A amplitude do cuidar
Cláudia Lundgren: ‘A amplitude do cuidar’


‘Cuidar’, vocábulo de múltiplos sentidos. ‘Cuidado’, abrange muitas interpretações.
É uma palavra substantiva, que pode significar ‘ter zelo com alguma coisa’, como na expressão: “Cuidado para não quebrar o prato!” Já em “Cuidado para não levar um choque! Não ponha a mão no metal ao ligar o aparelho na tomada!”, “Cuidado para não cair daí!”, ou ainda “Devo dirigir com cuidado!”, o vocábulo significa ‘agir com precaução, com cautela’, zelando aí, não mais por uma coisa, mas pela sua própria vida, ou pela vida de outrem.
Se eu disser que a condição de saúde de alguém gera ‘cuidados’, significa que devemos nos preocupar, pois é grave. Quando dissemos que o ladrão agiu ‘cuidadosamente’ (com cuidado) ao furtar uma casa, significa que foi algo pensado, premeditado, de forma silenciosa, a fim de não deixar vestígios. Cuidar de alguém pode ir desde a fazer um curativo numa ferida, preparar uma refeição, ajudar a fazer uma tarefa que o outro esteja impossibilitado ou dar apoio emocional.
Cuidar, sentido tão amplo… acordar em uma madrugada fria a fim de pôr coberta nos filhos; amamentar, doar-se, ser alimento; dar banho nos pais que nem sequer lhe conhece mais ou oferecer a alguém uma escuta afetiva.
Ter cuidado com as palavras significa não ferir o outro; ter cuidado com alguém significa acautelar-se; cuidar de si mesmo significa fazer o que gosta sem ultrapassar o limite do outro: realizar exames periodicamente, praticar exercícios físicos, ter respeito consigo mesmo, enfim, tratar-se bem.
É o patrão que preocupa-se com a saúde física e mental dos seus funcionários, oferecendo-lhes um bom plano de saúde e permitindo que eles durmam meia hora pós-almoço. Cuidar de uma empresa significa cuidar de pessoas: dar ordens sem ofender; agir sem preconceitos; não cometer, e nem permitir que se cometa, abusos com a funcionária bonitinha da recepção. Um bom líder demonstra sua autoridade sem pressionar ou amedrontar o liderado.
Já em um hospital, ‘cuidar’ é agir integralmente . É olhar o paciente como uma pessoa, que tem uma história, uma identidade, vontades, princípios, fragilidades.
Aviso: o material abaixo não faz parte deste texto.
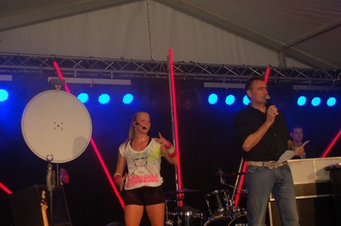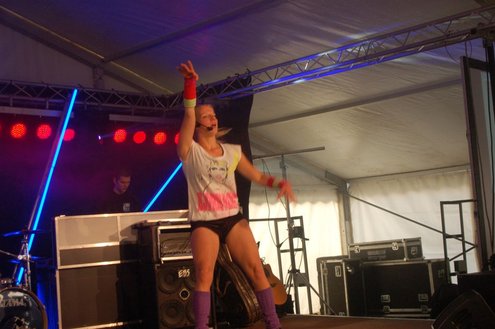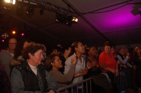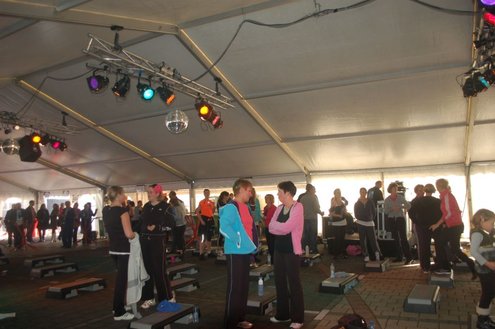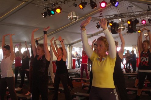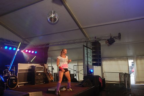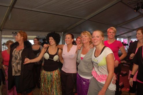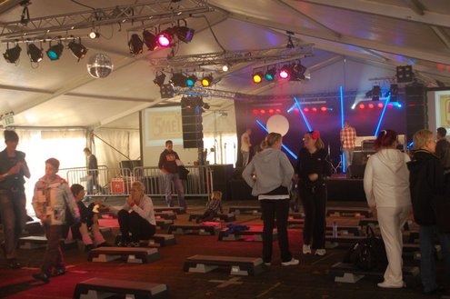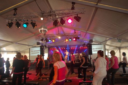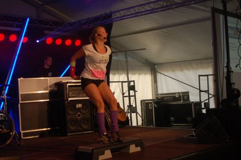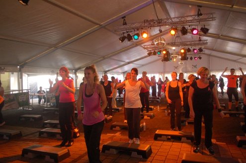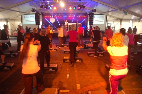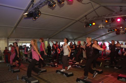 Dit hele weekend wordt er weer een uitbundig Pleinfestival gehouden op de Leidse Garenmarkt. Gistermiddag gaf Sportschool Vrouwfit een sportieve workshop ‘Steppen tegen Kanker’, waaraan zangeres Naomi, die zelf al 16 jaar tegen de ziekte strijdt, haar medewerking verleende. Zij riep mensen op haar financieel te steunen voor het goede doel: ‘Kankerbestrijding Stichting STOPhersentumoren.nl’. Gisteravond stond in het teken van de disco dance classics met onder andere Thea Austin, DJ Sven (van Veronica) Robin S., Roselle en Naomi. Vanmiddag treden onder andere de band O Nine en DJ Randy Collé op. (Foto’s: Emile van Aelst)
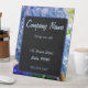 Bouquets d'hydrangées bleu violet en vases bleu cobalt encadrent l'espace parfaitement placé pour vos informations personnalisées qui feront une belle déclaration inoubliable pour votre entreprise ou entreprise.
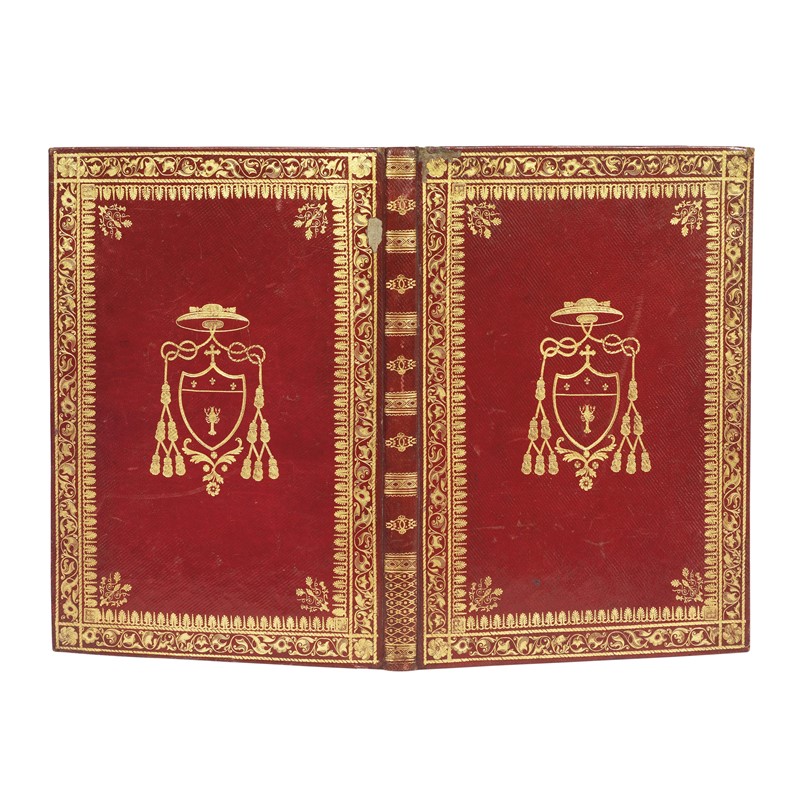 Elegant binding in red morocco with arms of a prelate. 19th century. Small loss on the rear cover. Not collated - sold as binding. Detailed description and additional images upon request.
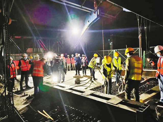 5月1日凌晨,施工人员奋战在大桥连续梁合龙施工现场。中铁十五局重庆铁路枢纽东环线项目部 供图

Cuidar do paciente não é agir no automático ‘ver o soro – a medicação – aferir a pressão – a temperatura – ver a glicose – trocar fraldas’; é compreender que ali habita alguém que merece a sua atenção, seu bom dia, seu sorriso. É alguém que merece conforto: lençóis e fronhas limpas, um banho caprichado, a posição agradável no leito; alguém que se preocupe em virar o corpo de quem não já não pode mover-se.
Cuidar, em saúde, não é agir sozinho, é trabalhar em equipe: administração, assistentes sociais, médicos, enfermeiros, psicólogos, terapeutas ocupacionais, acompanhantes terapêuticos, todos unidos em torno de um mesmo propósito; é um colega de profissão que procura entender a exaustão do outro, trocando com ele de plantão, com a permissão e compreensão da administração. Cuidar, em saúde, é também dar assistência aos familiares em momentos difíceis; é compreender a dor do parto, sem proferir palavras como “na hora de fazer foi bom”.
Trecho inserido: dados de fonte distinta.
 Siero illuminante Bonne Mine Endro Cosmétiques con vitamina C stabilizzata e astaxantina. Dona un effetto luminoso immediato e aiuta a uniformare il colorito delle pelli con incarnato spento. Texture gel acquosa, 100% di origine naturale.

Para trabalhar na saúde tem que ser vocacionado no cuidar; ter empatia, se colocar no lugar do paciente; realizar o seu trabalho, exclamando internamente: “Era assim que eu gostaria de ser tratado!”; é saber dar uma má notícia; é mostrar ao paciente terminal que pode não haver cura, mas que ainda há vida. E, se não há mais cura, com todo o respeito, não faz muito sentido submeter o paciente a tratamentos dolorosos e, de certa forma, inúteis, se podemos simplesmente aliviar suas dores, oferecer nossos ouvidos, ver com ele o pôr do sol, contar-lhe uma história, pegar um violão e cantar para ele uma canção, fazer aquele curativo bem feito, dar um abraço e um beijo, permitir que o quarto de hospital seja o seu lar. Tudo isso, e infinitamente mais, significa o ‘cuidar’; o cuidado.